Council member Carmen Brown stands by her vote authorizing that increase, and told the News in a recent discussion that past Councils ought to have gradually raised rates over time instead of dramatically and all at once. 

“This absolutely should have been happening incrementally,” Brown said. “If rates went up slowly over time, then maybe we could have squirreled away enough money to not go into debt for a new water treatment plant.”

For some villagers, though, the improved quality of water isn’t worth the monthly utility costs. 

Longtime Yellow Springs resident Wren Slone said that while she feels the cost of water in the village is high compared to elsewhere, she noted that the quality has improved since the treatment plant went online — though she and her husband still suffer lime scale and other hard water issues.

“When we lived in Dayton, the water was much better and a third of the cost,” Slone said. “We use between one and two thousand gallons a month and our bill still averages $100 per month.”

She continued: “It the cost of the service worth it?
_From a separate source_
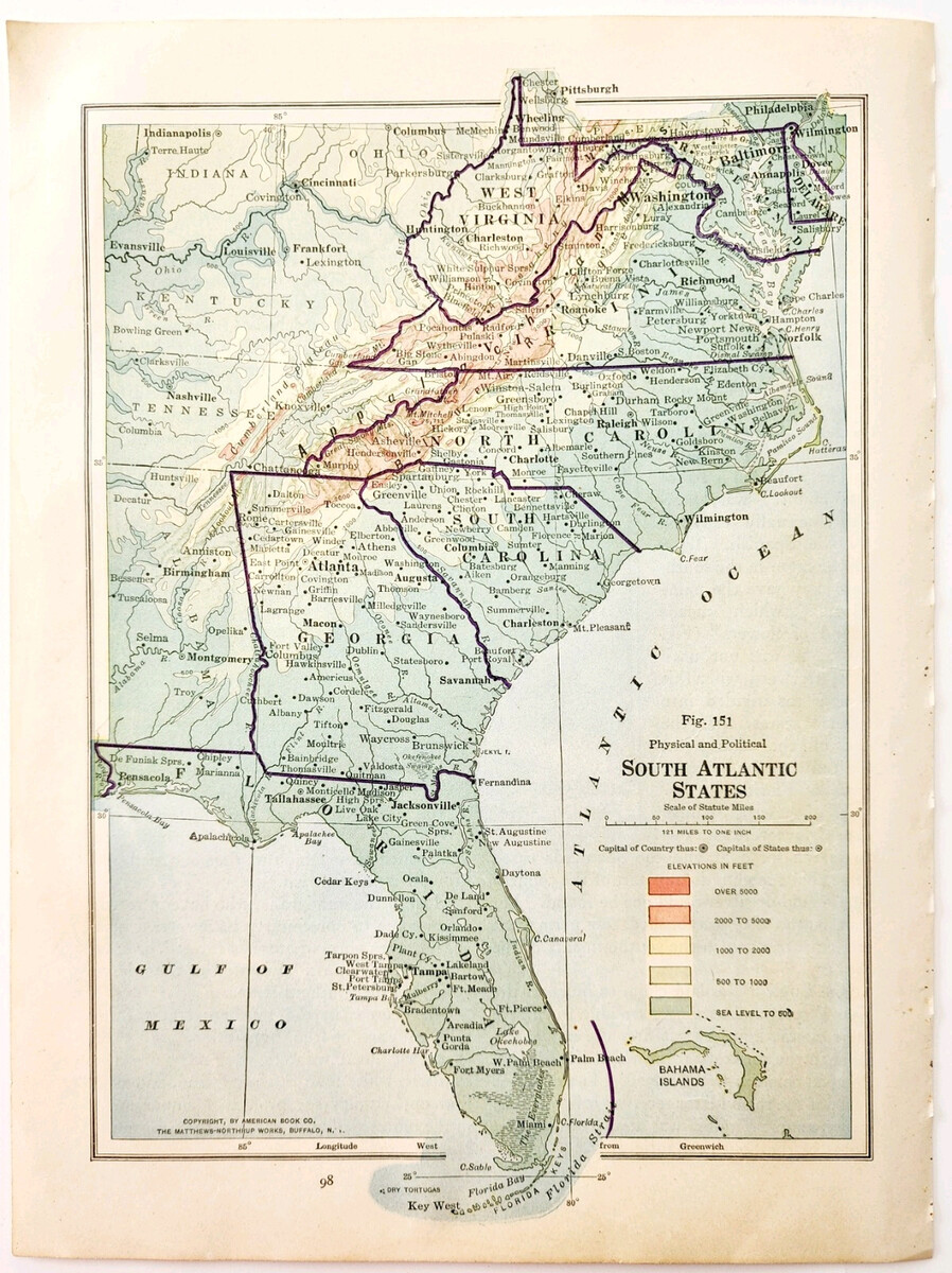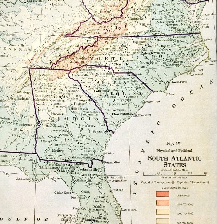 1920 Map South Atlantic States Physical Political Virginia NC SC GA FLA DWQ4

No, but unfortunately, we are stuck paying the bill for the choices residents and Council made years ago.”

Villager Jason Laveck said that he’s regularly astonished by his high utility bills — with water and sewer accounting for more than half of his monthly amount owed. 

“My water bills from any other municipality have never been this much. On average I remember paying $100 at most per quarter,” Laveck said. “I feel pretty uneasy about the cost of our electric and water, but also try to do my best to understand our growing infrastructure and the improvements that seem to be ongoing.” 

He added: “But when there’s a water main break every other week in the winter, I do not feel I’m getting my money’s worth.”

For Council member Brown, the village’s neverending utility woes are part and parcel with its geography. 

“I think everyone forgets that Yellow Springs is a rural community in the state of Ohio,” she said. “We expect urban services in a rural community — champagne on a beer budget.”

The Village offers several services and programs to help village residents with their utility bills.

Individuals can sign up for the Utility Round-Up Program, which can provide individuals who are under threat of disconnection of their services with up to $400 per year. The application for the program can be found at http://www.yellowsprings.gov. 

Yellow Springs Emergency Assistance, or YSEA, can also help villagers in need with utility payments. For those in need, call the Village Community Outreach Specialist Florence Randolph at 937-767-3716. 

The News plans to break down mounting electric costs in a future article.